Ses deux jeunes frères ont aussi de l'intérêt à prendre la relève. « Je me verrais mal réparer un moteur de tracteur, mais pour eux c'est facile, observe Mme Lefebvre St-Arnaud. On est complémentaires. » Reste à trouver de la place pour que tout ce beau monde gagne sa croûte à la ferme Campanipol.

« La maturité des femmes qui s'établissent en agriculture est plus grande, observe Mme Delomier. Elles font plus d'études, prennent de l'expérience à l'extérieur de la ferme. C'est, pour elles, un choix assumé et réfléchi. »

Plus d'héritiers que d'héritières

Hériter de la ferme de ses parents reste le mode d'entrée principal en agriculture, surtout pour les fils. On compte 19 jeunes femmes établies par transfert familial d'une entreprise agricole pour 81 jeunes hommes.

Davantage d'hommes que de femmes participent aux travaux de la ferme avant de s'établir. Parmi ceux qui y travaillent, une part supérieure de femmes le font sans salaire (51 % des femmes, contre 34 % des hommes). Même une fois que des parts sont acquises, la relève féminine participe moins aux décisions concernant l'entreprise agricole.

Il faut dire que chez les jeunes agricultrices, le travail à l'extérieur de la ferme compte pour 63 % du temps travaillé et 74 % des revenus annuels. En plus de faire « un peu de tout » à la ferme familiale, Florence Lefebvre St-Arnaud bosse comme serveuse et barmaid. « C'est mon emploi de soir, mon social », fait-elle valoir en riant.
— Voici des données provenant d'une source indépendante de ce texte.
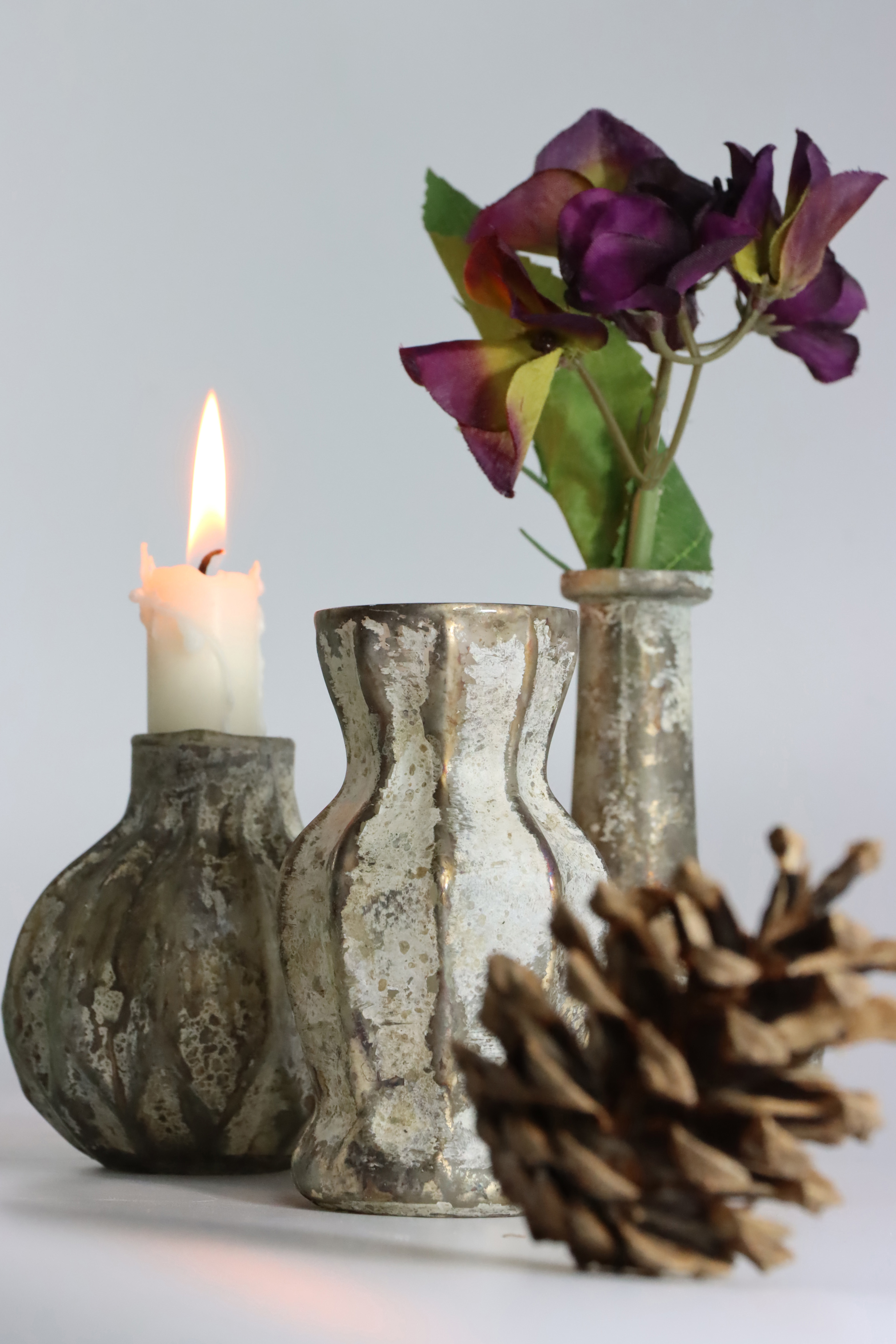 Suchmaschinenoptimierte Schlüsselwörter: Vasenensemble, dekorative Vasen, antikes Design, Wohnaccessoires, Einrichtungsgegenstände für den Wohn- und Lifestyle-Bereich, dekorative Glasvasen, Einzelhandel Einrichtungsgegenstände, Vasenensemble "Loire".
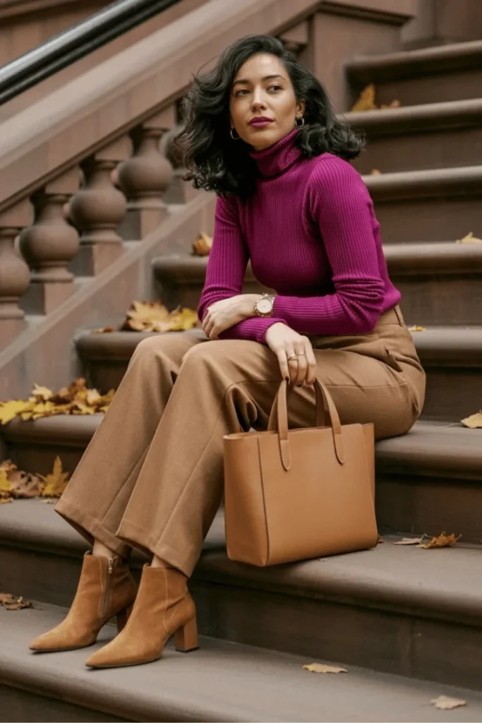 The vibrant magenta turtleneck paired with camel-colored wide-leg trousers creates an unexpected color combination that feels both bold and refined. This look demonstrates sophisticated color blocking—choosing rich, saturated tones that complement rather than clash. The tan leather tote and suede ankle boots in matching camel tones ground the outfit, while gold jewelry adds subtle warmth.
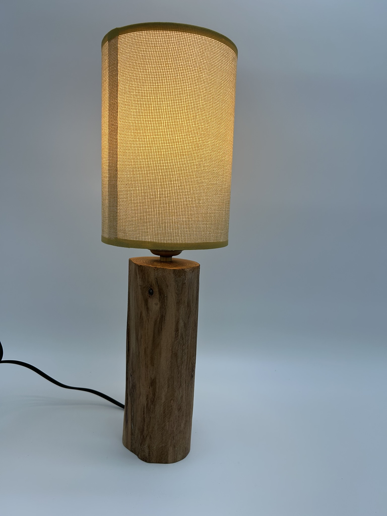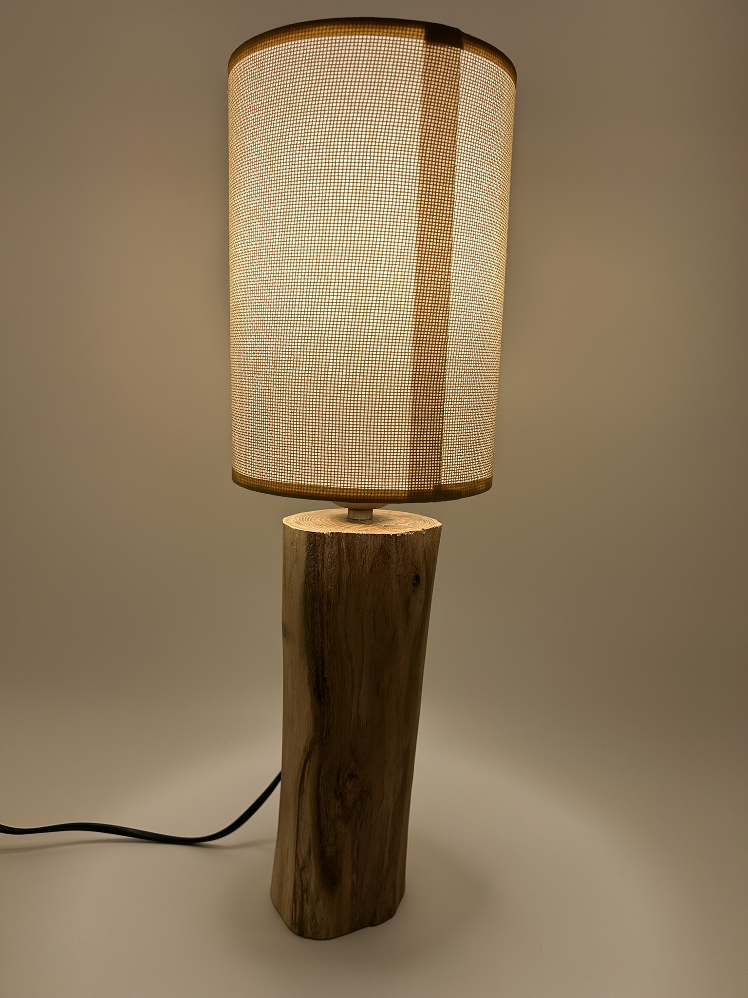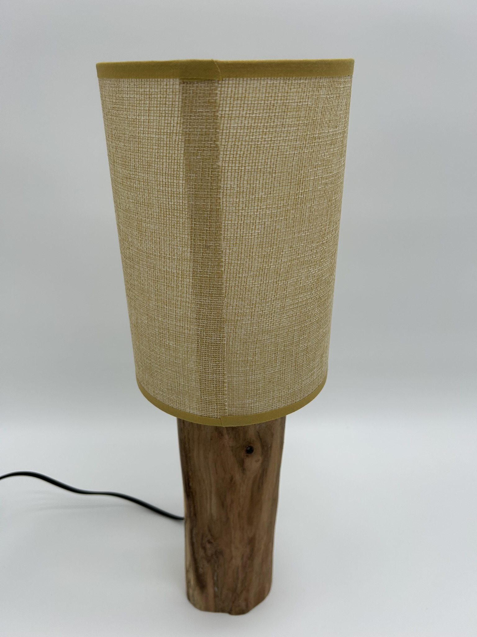 Lampe en grand rondin de bois avec abat-jour crème
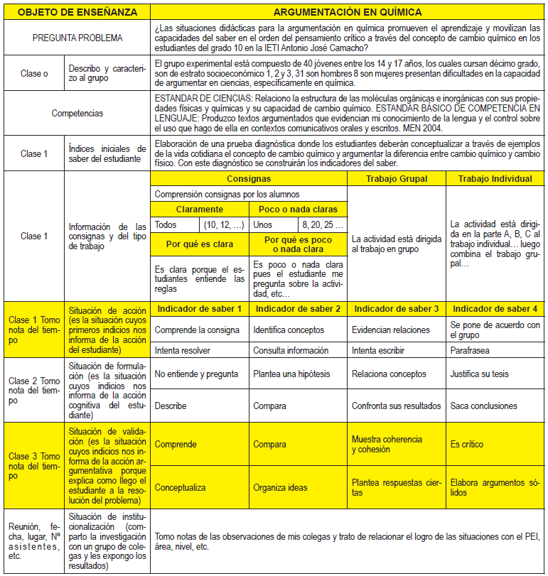 El instrumento de recolección de datos consistió en una rejilla de observación de situaciones didácticas para el grupo experimental diseñada por el profesor Armando Zambrano que explica cada una de las etapas de las situaciones didácticas, tiempo estimado, consignas, indicadores del saber y observaciones. (Ver Ilustración 1) Esta rejilla permitió la observación y valoración de las clases en cuanto a la aplicación de situaciones didácticas, en este caso específico el análisis de las producciones escritas de los estudiantes para comprender el rol de la argumentación en la conceptualización de cambio químico teniendo en cuenta la matriz de Toulmin.
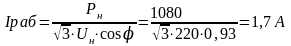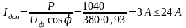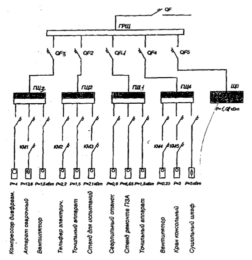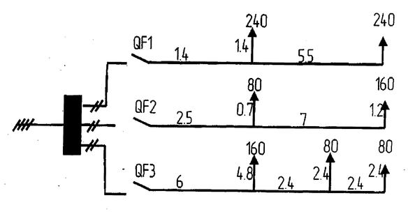 0,9-3 2,7 < L < 3 принимаем L = 2,9 м Число светильников в ряду: Число рядов светильников: где а и b - длина и ширина помещения, м Общее число светильников N= па · пb = 2 · 1 = 2 шт Индекс помещения: По справочнику [7] определяем коэффициент использования светового потока по известным значениям: I, Рпола, Рстен, Определяем расчетный световой поток: Выбираем лампу ЛБР-40. Световой поток одной лампы Фл=2500лм. Световой поток не должен превышать расчетный более чем на 20% и быть меньше 10%. Условие соблюдается. Принимаем к установке в помещении ремонта электрооборудования 15 светильников типа ЛСП23 -2х40 Расчетная установленная мощность светильников РУСТ=РСВ·n = (40·2}·2 = 160 Вт (6.8) Удельная мощность: Расчет остальных помещений БТОР выполняются аналогично, и результаты расчета сведены в таблицу 6.2 Рисунок 6.3 План БТОР с нанесением осветительных сетей 6.3.2 Электротехнический расчет Осветительные нагрузки базы технического обслуживания и ремонта электрооборудования разделены на группы. Для питания осветительных установок применяется напряжение 380/220 В. При составлении расчетной схемы следует руководствоваться следующими рекомендациями предельный ток группы не должен превышать 25 А. число светильников на однофазную двухпроводную группу не должно превышать 20 штук. длина четырехпроводной группы должна быть около 80 м, а трех и двухпроводной - 60 и 35 м. На расчетной схеме указываются все осветительные щиты и отходящие, число проводов и длина групп, мощность источников света и их удаленность от щита. Рисунок 6.4 - Расчетная схема осветительной сети Сечения проводов выбираются исходя, из допустимой потери напряжения и проверяются по нагреву и механической прочности. Допустимая потеря напряжения Рассчитываем внутреннюю проводку для осветительных сетей. Сечение провода для группы I: где Мi =I·Рi - электрический момент С - коэффициент, учитывающий число проводов, материал и напряжение питающей сети. Mi=2,8 · 0,24 +5,5 · 0,24 = 4,36 кВт –м. Принимаем сечение провода S = 2,5 мм2, АПВ. [9] Проверим на длительно допустимый ток: где UФ - фазное напряжение сети, В для провода АПВ S = 2,5 мм2, Iдоп=24 А. Уточним потери напряжения в сети: Сечение проводов для группы 2: Мгр2 =3,2 · 0,08 + 8,2 · 0,16 = 1,56 кВт·м Принимаем сечение провода S = 2,5 мм2, провод АПВ, Iдоп=24 А. Уточним потерю напряжения: Сечение проводов для группы 3: Мгр3=10,8·0,16+10,4·0,08+13,2·0,08 = 3,62 кВт·м Принимаем сечение провода S = 2,5 мм2, провод АПВ, Iдоп=24 А. Уточним потерю напряжения: Сечение провода на вводе ЩО: Принимаем сечение провода S = 2,5 мм2 , провод АПВ, Iдоп=24 А. Длительно-допустимый ток: Уточним потерю напряжения: 0,72%<2,5% Все осветительные сети подлежат защите от коротких замыканий. Кроме того, требуется защита от перегрузок сетей, выполненных открыто проводами с горючей изоляцией. Для защиты групп осветительных сетей выбираем автоматические выключатели типа ВА 5125, установленные в осветительном щите типа ПР 8501. Выбор автоматического выключателя проведем на примере первой группы.Условия выбора следующие: Uн.aвт.≥ Uн.сети 380 В> 220 В Iн.aвт.≥ Iраб. Iн.aвт = 25А> 1.35 А Iт.p.≥ Ip 5А>1.35А Iэ.м.р. ≥10 Iн.т.p. = 10 · 5 = 50 А Расчеты для второй и третьей групп про изводится аналогично. На вводе в осветительный щит выбираем автомат типа ВА 5125. Iн.aвт. = 25 А расцепитель комбинированный Uн.aвт.≥ Uн.сети 380 В = 380 В Iн.aвт.≥ Iраб. Iн.aвт = 25А> 1.7 А Iт.p.≥ Ip 5А>1.7А Iэ.м.р. ≥10 Iн = 10 · 5 = 50 А Проверка на срабатывание защиты при одн
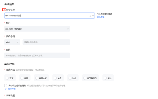 “子账号管理”界面中,我们需要点击“新建子账号”,在子账号创建页面中,我们需要填写一些基础的信息以及该账号的岗位权限内容,这里我们要注意的是带有红色星号的为必填项,大家根据自己的需要填写即可。
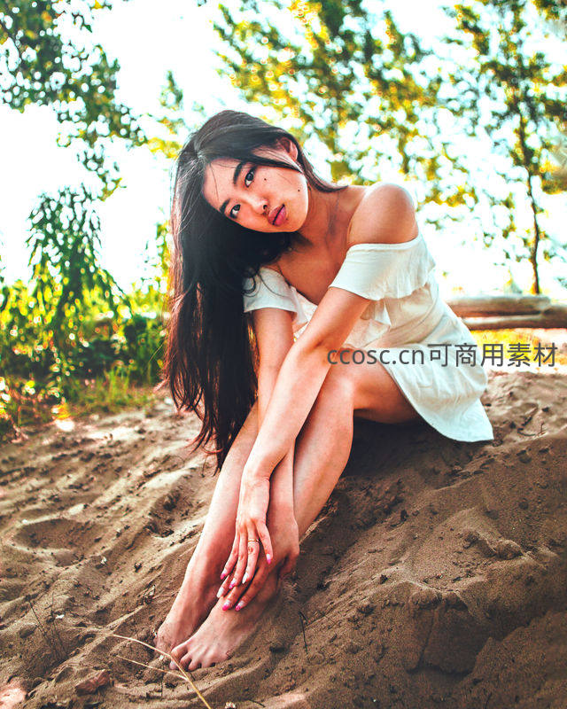 一位身穿白色露肩连衣裙的少女赤脚坐在柔软的沙丘上,阳光透过树影洒落,她低头凝视,享受着海边悠闲自在的午后度假时光。
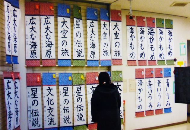 豊橋市西幸町の豊橋信用金庫幸支店(佐々木敦基支店長)ロビーで15日まで、近くの日本習字教室(中川敏子主宰)が書き初め展を開いている。 作品は毛筆で画仙紙にしたため、小学2年から中学1年までの27点が展示されている。小学生は「青いうみ」や「...
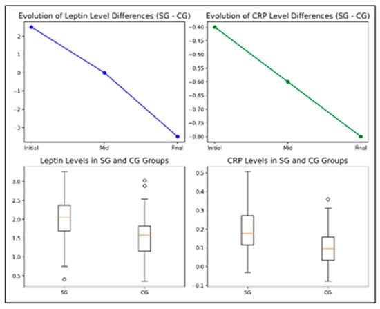 - Leptin levels: Significant differences were observed in leptin levels (p = 0.0164), indicating variations in inflammation and adiposity between the groups at the start of the study.
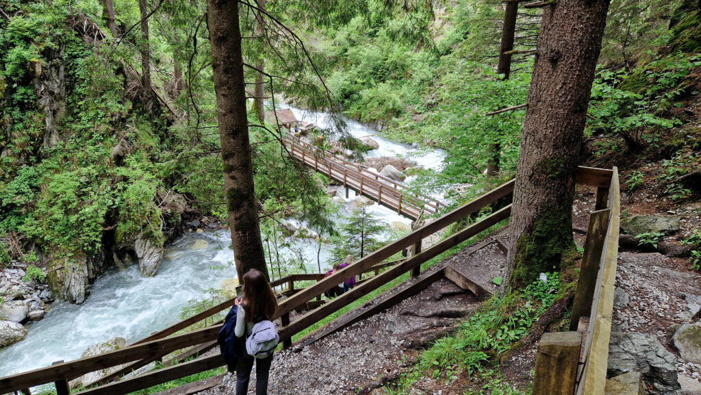 Дальше тропа проходит прямо по отвесным стенам ущелья. Но всё оборудовано отлично: поручни, крепкие мостики. Безопасно и очень живописно. Особенно впечатляют участки, где вода с грохотом падает вниз и разбивается о скалы. Брызги, свежий воздух и мощная энергетика воды — невозможно не остановиться и просто смотреть.
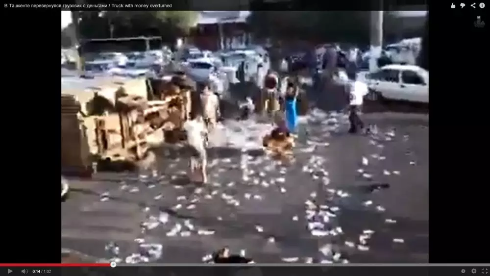 В результате инцидента никто не пострадал. Сбор купюр у перевернутой инкассаторской машины сняли на видео и выложили в Интернет.

« Les agricultrices que je côtoie n'ont pas froid aux yeux, souligne Mme Delomier. Elles prennent beaucoup de responsabilités professionnelles et familiales. Plusieurs ont de jeunes enfants, elles sont sur tous les fronts. Ce sont des superwomen ! »

Moins de fermes au Québec

Les fermes ferment au Québec

>30 675 fermes en 2006

>29 437 fermes en 2011

>Baisse de 4 %

>Au Canada, la baisse a atteint 10 % au cours de la même période.

Peu de relève

>Près de 40 % des fermes qui devaient changer de mains entre 2007 et 2012 n'avaient pas de relève prévue.

Chères, les fermes

>Valeur marchande courante des fermes au Québec, en 2011 : 1,68 million de dollars. Il s'agit d'une hausse de 24 % depuis 2007.

Déficit de femmes dans les fermes

>Relève agricole établie au Québec : 26 % femmes, 74 % hommes.

>Agriculteurs du Québec : 27 % femmes, 73 % hommes.

>Population active : 47 % femmes, 53 % hommes.

Des femmes plus éduquées

>67 % des jeunes agricultrices ont un diplôme collégial ou universitaire, contre 38 % des jeunes agriculteurs.

>Mais seulement 42 % des femmes sont diplômées en agriculture, contre 72 % des hommes.

Plus de femmes créent des fermes

>45 % des femmes et 30 % des hommes démarrent une nouvelle entreprise agricole.

>70 % des hommes de la relève et 55 % des femmes font l'acquisition d'une entreprise agricole existante.

Bourreaux de travail

>48 % de la relève féminine et 40 % de la relève masculine travaillent à l'extérieur de l'entreprise agricole.

Sources : Ministère de l'Agriculture, des Pêcheries et de l'Alimentation (MAPAQ) et Statistique Canada.